This diversity is not the case with the other personality disorders, which have more cohesiveness in the symptoms their sufferers display. So I wonder–is BPD really a personality disorder at all? Does it even exist, or is it really just a group of trauma-caused symptoms the experts in their ivory towers stuck in a single box called “BPD” because they didn’t know how else to classify them?

In fact, all these diverse subtypes have one thing in common–they are all very similar or identical to the symptoms of someone with complex PTSD (C-PTSD). People with C-PTSD are often misdiagnosed as Borderlines because their behaviors can be just as baffling and manipulative, and both disorders also include dissociative, almost psychotic episodes. Extrapolating from that, I wonder if ALL borderlines actually have C-PTSD.

Earlier today I posted an article outlining 20 signs of unresolved trauma, and I was struck by how similar these were to the symptoms of BPD. And there is also this article that Ruji just brought to my attention that also describes how remarkably similar the two disorders are, but that the idea of fear of abandonment (which is recognized as the root cause of BPD) is not recognized as a factor in causing PTSD and that may be part of why they have been kept separate.

The BPD label, like any Cluster B label, is very damaging to its victims because of the “evil and character-disordered” stigma it carries. One psychologist has even included us, along with narcissists, among the “People of the Lie”!
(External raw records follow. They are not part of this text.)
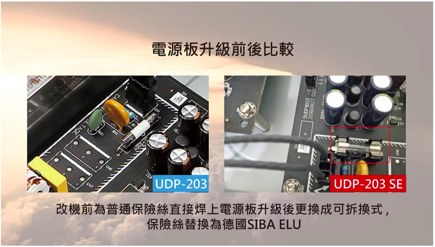 電源板的保險絲由原來直接焊上改為可拆換式設計,保險絲本體也替換為德國進口SIBA ELU廠牌
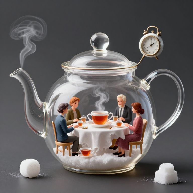 A tea party held inside a floating teapot, where time stretches and folds, and guests include sentient steam and clocks made of sugar.
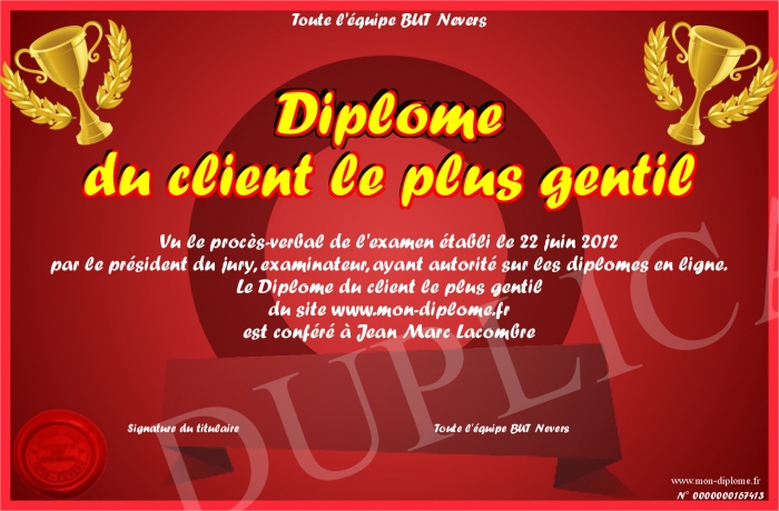 Envoyez par email votre Diplôme du client le plus gentil personalisé
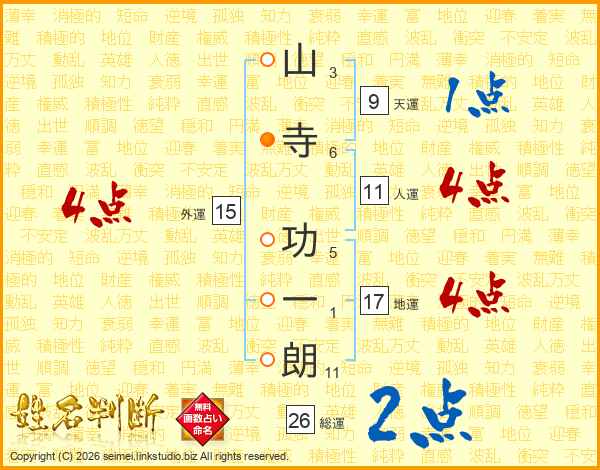 山(3画)寺(6画) 功(5画)一(1画)朗(11画)
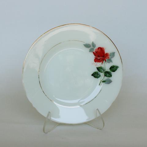 Trio compuesto por una taza y platillo utilizado para tomar té y un plato de pan. La taza es un volumen cóncavo, de aspecto vítreo opaco y color blancor; al extremo superior tiene abertura circular, amplia y el borde es divergente. Las paredes son de perfil en curva y forman una base de menor diámetro. A un extremo lateral tiene un asa en forma curva. El platillo es circular al anverso tiene borde elevado con un relieve en curva y presenta una leve depresión central. La decoración es en diseño figurativo, con una flor roja y hojas verdes, en las tres piezas. El plato de pan repite el diseño.

Yes, it’s true some borderlines do act a lot like people with NPD or even Malignant Narcissism or ASPD, but most probably do not, and are really much more similar to people with Avoidant or even Dependent personality disorders, which hurt the sufferer more than anyone else. But if you have a BPD label, people start backing away from you slowly due to the stigma. Therapists are reluctant to treat you because they assume you will be either difficult and hateful in therapy sessions, or will never get better. Insurance companies won’t pay claims where there is a BPD diagnosis, because it’s assumed there is no hope for you. I’ve had this problem when I’ve tried to get therapy. I remember one therapist who I had seen for the intake session, who told me he needed to obtain my psychiatric records before we could proceed. The session had gone smoothly and I felt comfortable with him. A few days later I received a phone call and was told he did not treat “borderline patients” and wished me luck. So that’s the kind of thing we’re up against if we’ve had the BPD label slapped on us.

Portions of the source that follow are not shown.